In the case where we 1: do write to XRT and then 2: do not sync, we reproduce the iree-amd-aie bug which this current PR aims to fix.

Working on the assumption that IREE is doing a memset to 0 of size 6464sizeof(int) bytes to the XRT DDR buffer, where is this happening? At this point I have unofortunately hit a brick wall. I have inserted 100's of print statements in the IREE runtime but cannot narrow down where such a memset is happening.

Note that such a memset is not necessary for correctness: The matmul is not an accumulation, and so the initial value of the the C buffer can safely be garbage. Ideally IREE would realize that and not set C to zero.

Supposing that IREE cannot not (that is, IREE must) initialize with zeros. Is there somewhere in IREE where we can call iree_hal_buffer_invalidate_range and/or iree_hal_buffer_flush_range? These are the functions where we call the syncs. Here too I have unfortunately hit a wall trying to decipher the runtime.

This is not urgent but what I want an expert (@benvanik, @antiagainst) opinion on at some point is

  1. Where is C being 0 initialized in the HAL runtime, and can this be avoided?

  2. Where is iree_hal_xrt_direct_command_buffer_dispatch:

    /*.dispatch = */ iree_hal_xrt_direct_command_buffer_dispatch,
    being called from in the iree runtime, and would it make sense, for that caller, to call iree_hal_buffer_invalidate_range and/or iree_hal_buffer_flush_range as well?

See also the comment: #218 (comment)

@benvanik and @antiagainst this is the numerical issue I mentioned a few weeks ago (during the GPU numerical and performance push week).
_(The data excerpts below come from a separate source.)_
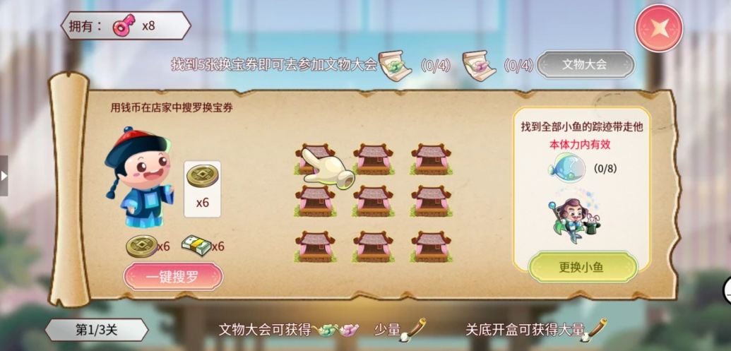 使用钱币在店家中搜罗足够的换宝券即可前往参加文物大会。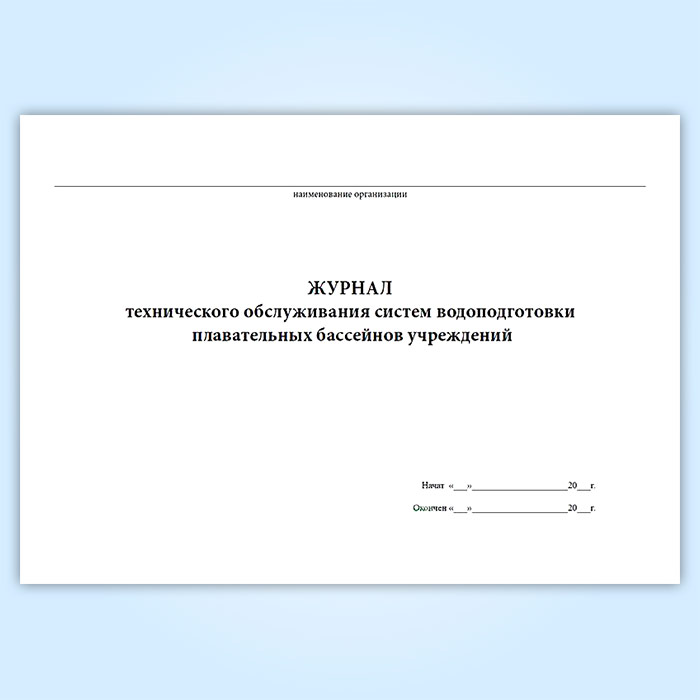 Журнал технического обслуживания систем водоподготовки плавательных бассейнов учреждений в Бердске купить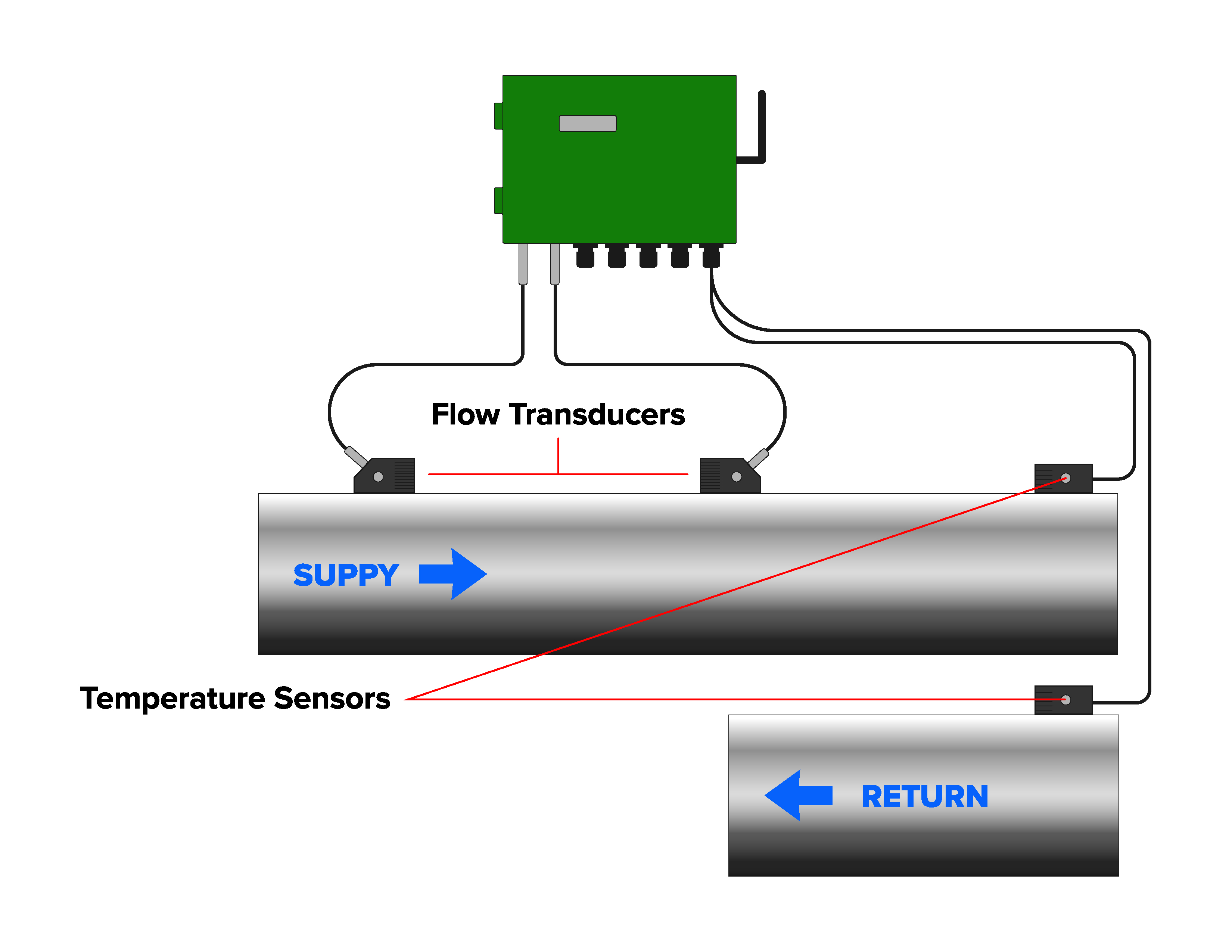 Figure 5. Clamp-on ultrasonic liquid flow meter with thermal energy/BTU capability

I was hoping to get your input on it.

I'm not sure I fully follow but it sounds like there's some basic questions that need answering before you can triage further. There's only one way we memset: iree_hal_command_buffer_fill_buffer - and we only do that if the program generated by the compiler tells us to with a hal.command_buffer.fill_buffer op. You can pass --compile-to=hal to iree-compile and then look at the IR, or set a breakpoint in the C function at runtime, or use tracy to see what's being called. There's no magic: if you don't spot a fill buffer command then there is no fill happening outside of whatever may be within the dispatch. Once you've narrowed that down if it is inside the dispatch (which I strongly believe it will be in this case) then that's a codegen issue entirely within the generated executable and not something the IREE runtime has involvement in.
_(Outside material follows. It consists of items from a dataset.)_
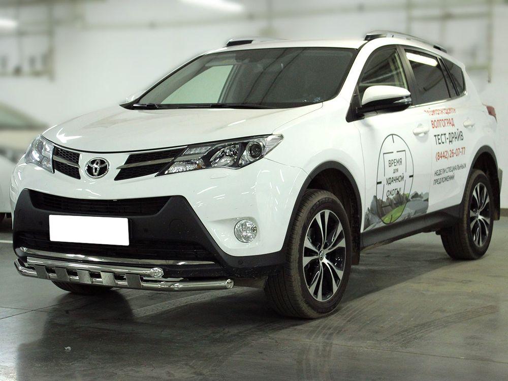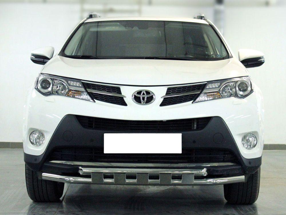 Защита переднего бампера d53+53 с доп.накладками (квадратные) для Toyota RAV4 2012, Технотек TRN13_1.5 изготовлена из высококачественной нержавеющей стали, труба имеет диаметр 53/53 мм. В комплекте поставляется набор крепежа и инструкция по установке.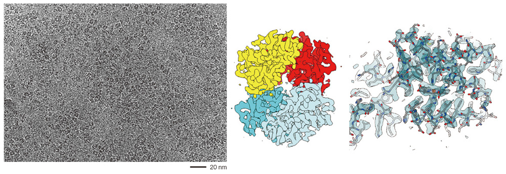 每小时 850 张电子显微照片中的人体血红蛋白。电子显微照片(左)、电子密度图(中)以及原子模型与电子密度图的拟合(右)。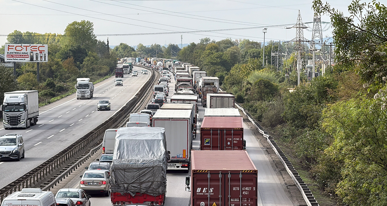 Anadolu Otoyolu Sakarya geçişinde kontrolden çıkan kamyonet yan yattı. Otoyolun İstanbul istikametinde uzun araç kuyrukları oluşurken, olay yeri havadan görüntülendi.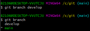 develop이라는 branch를 생성하고 목록을 확인해보면, develop branch가 추가된 것을 확인할 수 있습니다.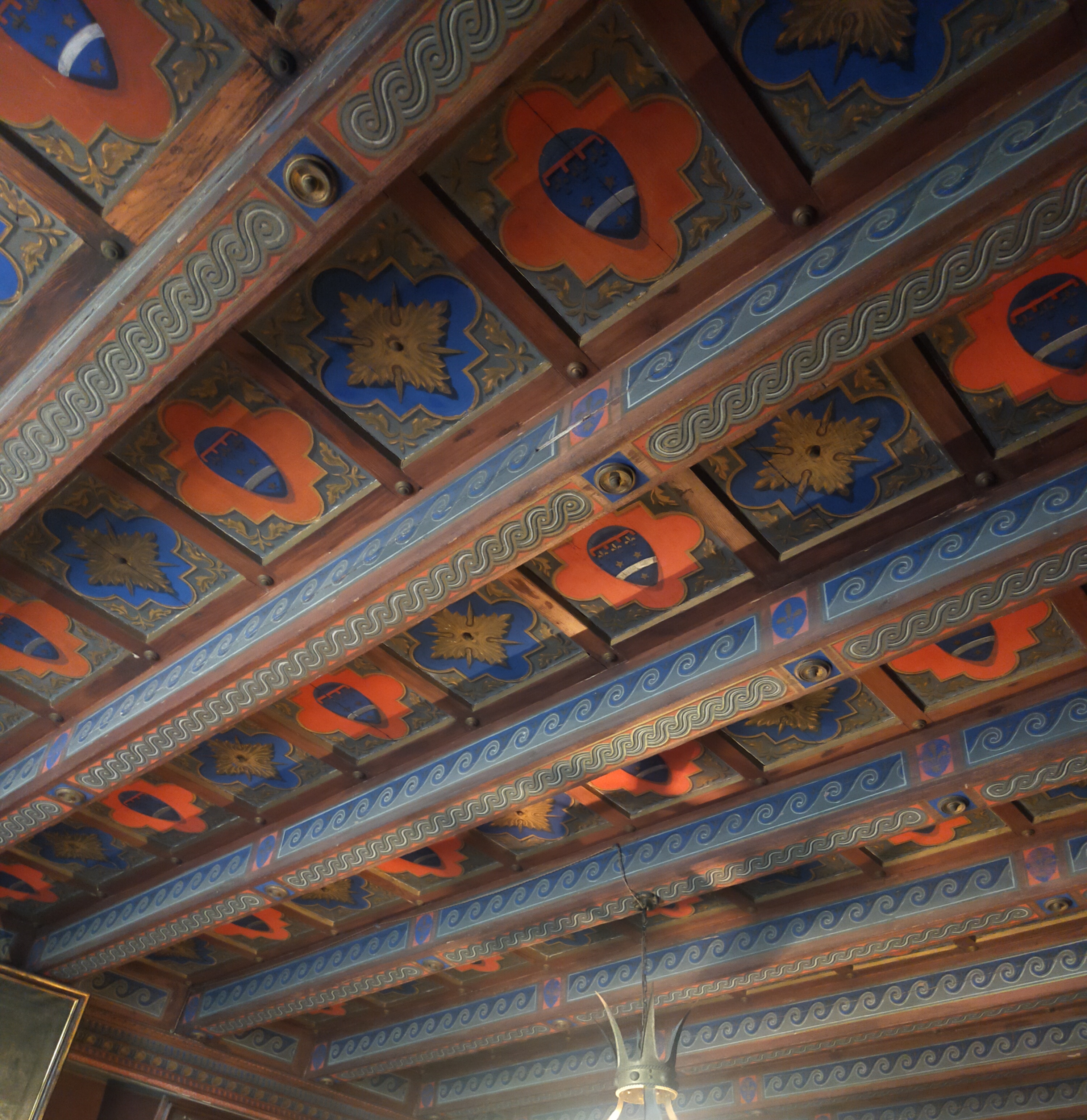 - STEMMI Dipinto sulle tavole lignee del soffitto - gentilizio - Stemma - Serristori - Azzurro, fascia d'argento, tre stelle a otto punte d'oro disposte 2, 1, lambello caricato di tre gigli d'oro
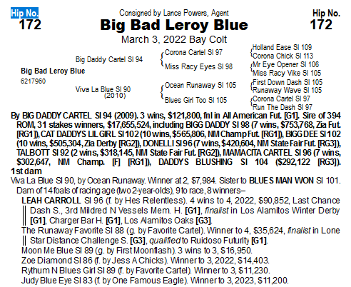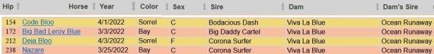 Below are four yearlings to be sold at the 2023 Ruidoso New Mexico Bred Quarter Horse & Thoroughbred Yearling Sale starting on August 11th. Thanks to AQHA allowing AI and embryo transfer Viva La Blue has four of her offspring as a part of the yearling sale. Something you would never see (yet) in the thoroughbred world. Other mares will have multiple yearlings for sale.

FWIW, fill_buffer is not yet implemented by the XRT HAL

static iree_status_t iree_hal_xrt_direct_command_buffer_fill_buffer(
iree_hal_command_buffer_t* base_command_buffer,
iree_hal_buffer_t* target_buffer, iree_device_size_t target_offset,
iree_device_size_t length, const void* pattern,
iree_host_size_t pattern_length) {
return iree_make_status(IREE_STATUS_UNIMPLEMENTED,
"fill buffer not yet supported");
}

so it makes me wonder if the reason for the bug is something different all together (like a driver issue) and not the sync needed after a memset theory, James and I are doing some more investigation on it.

Useful information, thanks @benvanik. So it does seem like this is a driver/xrt issue then. @nirvedhmeshram please let me know if you found anything else while I was away, else I guess we can close this issue (seems like the driver on Dave's machine was updated).